How many of us had to go through the embarrassing situation where you found your pocket empty when you had to pay to the cabbie. Later when realizing the real reason behind such embarrassment was that just before taking a cab you were with all due respect robbed by the multinational hospital for your medical expenses for which you weren't left with not even a single cent. The reason for burning a hole may differ but the reason for finding ourselves in soup remains the same- which is getting robbed by the expensive medical care. So is there any bailout plan which can show us light at the other end of the tunnel?

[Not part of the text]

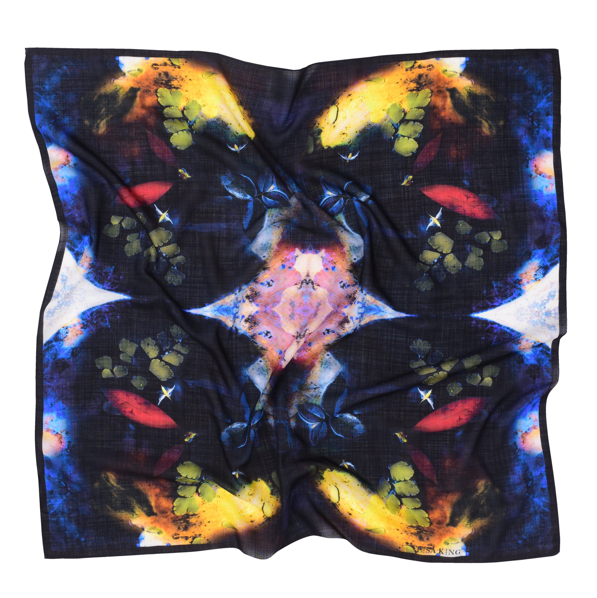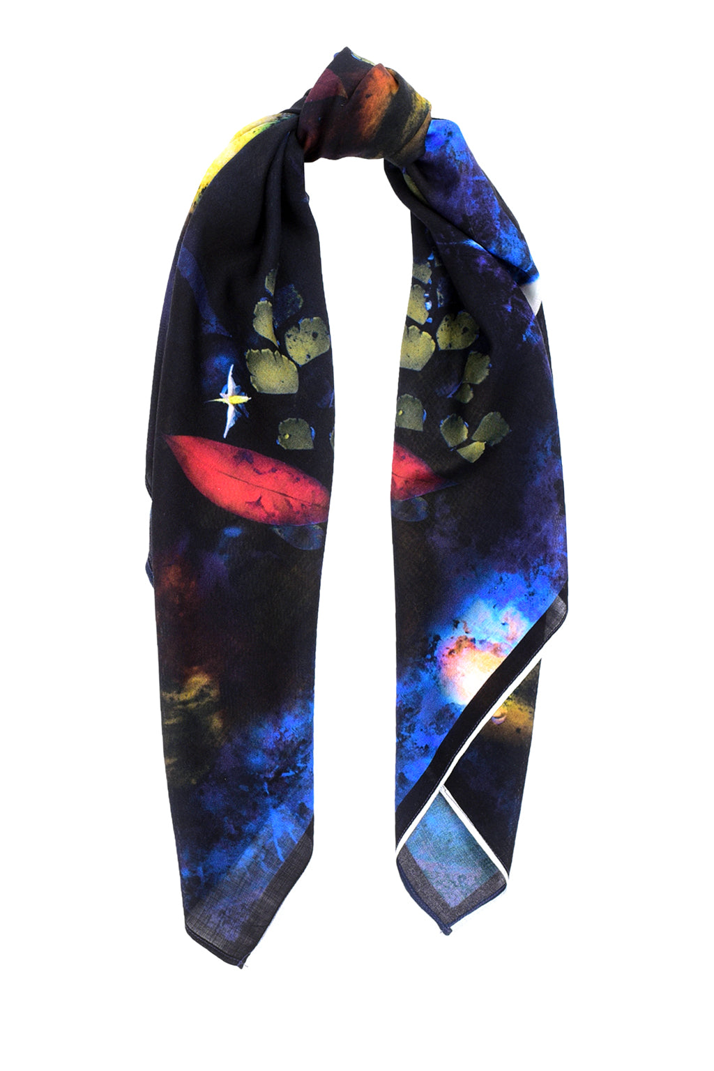 The Babylon scarf was inspired by a trip to Sri Lanka, and the photographic print features leaves and flowers floating in blue inks.

Actually there is good news for all those who cannot afford costly medical care. A new crop of healthcare companies have forayed into healthcare space in providing quality supplemental healthcare for an estimated 47 million working population who can ill afford these otherwise expensive medical care. These healthcare companies are a force to reckon with in healthcare space. By bringing more and more innovative healthcare products to the reach of the masses they are doing good to themselves and to the public at large. This intention can be witnessed by viewing at the product line of these healthcare companies lined up for offer. Medical care plans offered by these companies start as low as $19.95 to not more than $200 that line up to suit varying needs of the members.

The focus is mainly put on the customer service and in delivering customized medical care service as per members' requirements. Importance is also given to the relevancy factor since it stands as the deciding factor between the success for a newly launched product and it's falling apart. Sensibility lies in grabbing this opportunity and let us hope that Americans are no different in using the opportunity thrown at them.

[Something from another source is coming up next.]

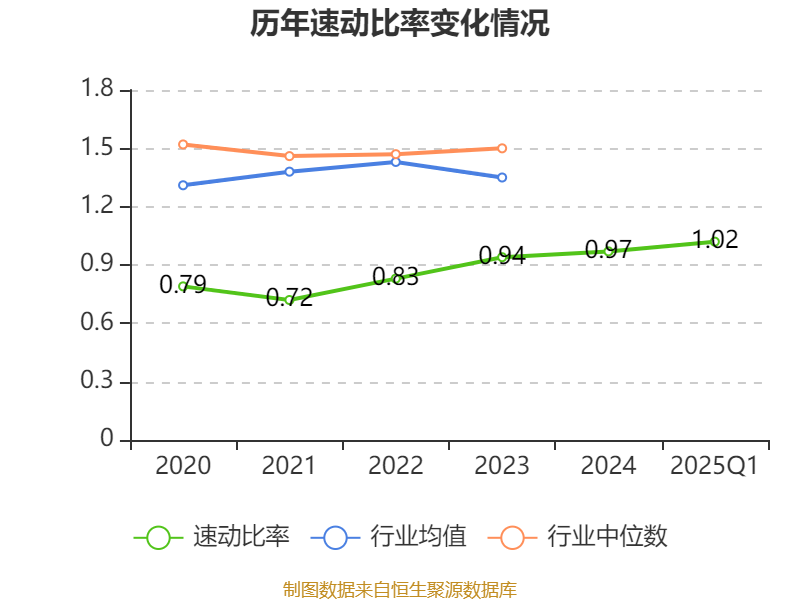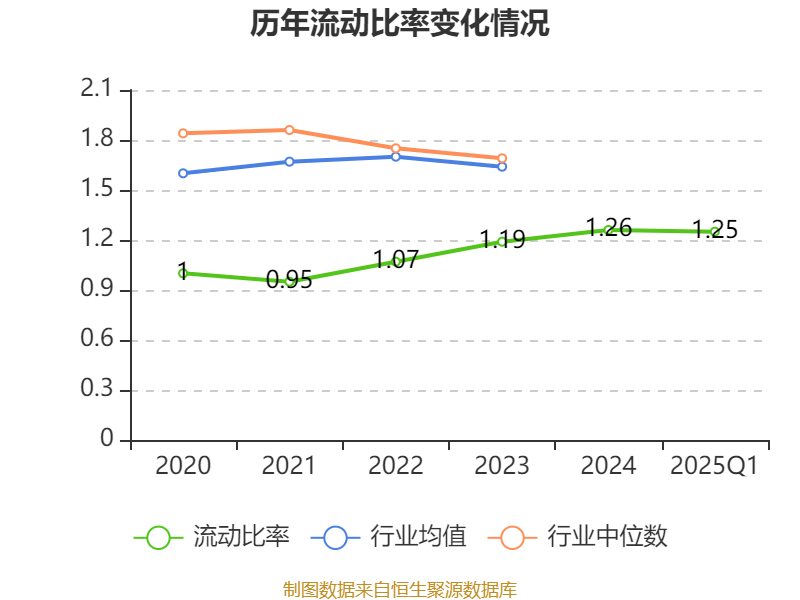 2025年第一季度,公司流动比率为1.25,速动比率为1.02。

For further information, please visit http://www.health-dental-discount-plans.com

Prema,
http://www.legitimate-home-business-online.com/

Flexible Spending Accounts Bridge the Gap For Individuals Seeking Alternative Medicine

There are many patients who would like to seek out alternative health care practices but feel confined by their insurance policy and the cost associated with health care. Let me take a moment to let you know that there are some options out there for those of you who fall into this category.

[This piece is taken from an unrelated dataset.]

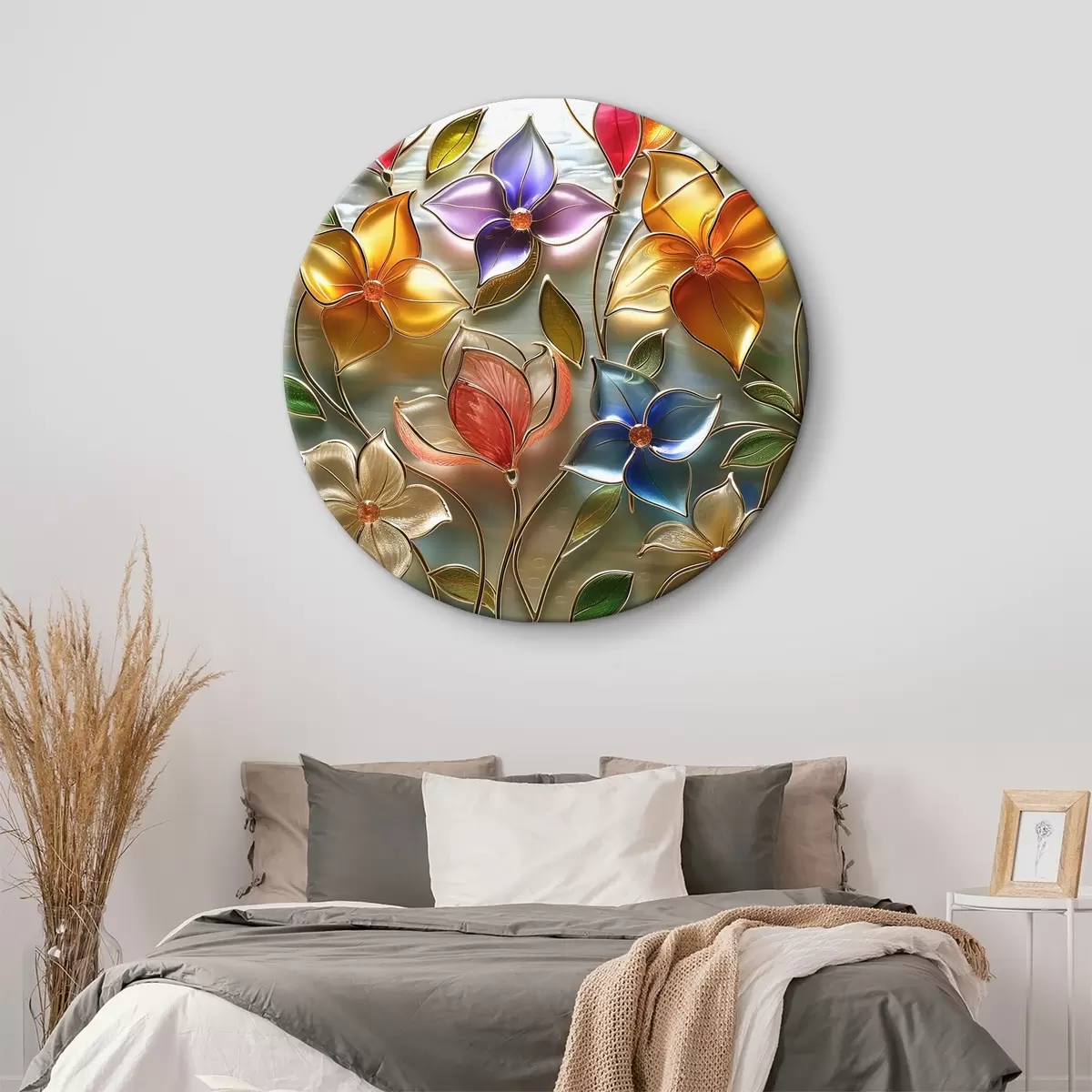 Ronde schilderijen Gebrandschilderde orchideeën gloeien in de zon Nr r39447

First, just because an alternative health care provider does not file with insurance companies doesn't mean that there is no coverage. These health care providers are trying to keep their costs down so that they can keep their fees as low as possible. If you contact your insurance provider they can let you know if your plan allows for any out-of-network services. If they do, they can get you a form that you can fill out and submit along with treatment information from your doctor's office and proof that you've paid the bill. They will then reimburse you for a percentage of the total bill. This percentage will vary based on your particular insurance policy.

Second, it is time that you take control of your Flexible Spending Account (FSA). First, what is a FSA? It is an employer-established account with tax benefits. So the first step in your process is going to be to contact the person in charge of benefits at your company to find out if they offer an SPA.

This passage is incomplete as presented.